Attacked by a formation of about 30 enemy planes, both ships opened fire and with the aid of carrier aircraft were able to turn away most of the attackers. Two, however, broke through to score hits on Cassin Young. A third, closing Purdy, was splashed but momentum carried it to the destroyer where its bomb broke loose, pierced her plating and exploded to kill 15, seriously wound 25, and cause extensive damage.

Purdy made it back to Kerama Retto, underwent temporary repairs there and at Guam, and arrived at San Francisco 28 May. Repairs and training completed she sailed to Hawaii, thence 20 October to Japan. In Japanese waters for the next four months, she served as harbor control vessel at Point Bungo, transported passengers and mail, and performed medical and guard duties. On 21 February 1946, she sailed for San Diego, thence proceeded to Portland, Maine, arriving 16 April. In June, she entered the Boston Navy Yard for a six-month overhaul; then, in December, shifted to her homeport, Newport, Rhode Island. Spring maneuvers in the Caribbean preceded her first Mediterranean tour and in mid-August 1947 she returned to Newport. From September 1948 to January 1949 she again sailed in European waters and in June she reported to New Orleans, whence she conducted naval reserve training cruises until March 1951. Then deployed to the Mediterranean, she resumed operations out of Newport in June.

===Korean War===

Four months later Purdy, with DesDiv 122, got underway for a return to a Pacific combat zone and on 31 October reported to TF 95 off the coast of Korea. Fire support for minesweeping operations at Hungnam preceded five weeks as flagship, Songjin-Chongjin unit of the Blockade and Escort Force. Christmas in Japan and antisubmarine training exercises off Okinawa interrupted combat operations, but in January 1952 she returned to Korean waters and for the next six weeks sailed with TF 77, the fast carrier force.

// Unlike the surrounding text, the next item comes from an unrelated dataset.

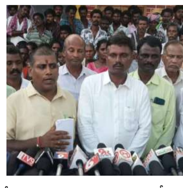
చేయడం ద్వారా రాజకీయ వాతావరణాన్ని దిగజార్చే ప్రయత్నం చేస్తున్నారని విమర్శించారు. ఇకపై

ముఖ్యంగా ముఖ్యమంత్రి చంద్రబాబు నాయుడు, మంత్రి నారా లోకేష్ లపై వ్యక్తిగత ఆరోపణలు చేయడం తీవ్రంగా ఖండనీయమని సుబ్బయ్య పేర్కొన్నారు. రాజకీయ విమర్శలు విధానాలపై ఉండాలి గానీ, వ్యక్తిగత దూషణలకు దిగడం ప్రజాస్వామ్య రాజకీయాలకు తగదన్నారు. తమ గతాన్ని పక్కన పెట్టి ఇతరులపై నైతికత, సంస్కృతి గురించి మాట్లాడడం సరికాదని ఆయన వ్యాఖ్యానించారు. ఆధారాలు లేకుండా ఆరోపణలు

Relieved from Korean War duty 27 February, Purdy sailed for home via the Suez Canal and on 21 March completed her round-the-world cruise. Western Atlantic and Caribbean exercises carried her into 1953 and on 27 April she departed Newport for a second circumnavigation of the earth. Steaming via Suez, she arrived at Yokosuka on 9 June and after availability again took up duties with TF 77. Escort duty for the cruiser , bombardment and patrol operations from Chongjin to Wonsan, and duty with TF 96 preceded a reassignment to TF 77 and finally to TF 95 again for Pusan-Pohang patrol. Departing the Far East almost two months after the truce, she arrived at San Francisco 5 October and was back in the New England area by the end of the month.

===Cold War===

After Korea, Purdy regularly rotated east coast and Caribbean training operations with NATO exercises and 6th Fleet duty. In June 1955 she received the first Atomic-Biological-Chemical washdown system to be introduced to the fleet and-during the summers of 1956, 1957, and 1958—she made midshipmen summer training cruises, to Chile in 1957 and to Europe in 1958. Two years later while calling at Gythion, Greece, three of her crew were injured ashore assisting the local inhabitants contain a raging fire until fire fighting equipment could be brought from 25 mi away. On its arrival Purdys "fire-fighters" continued to assist by manning hoses which replaced the bucket brigade.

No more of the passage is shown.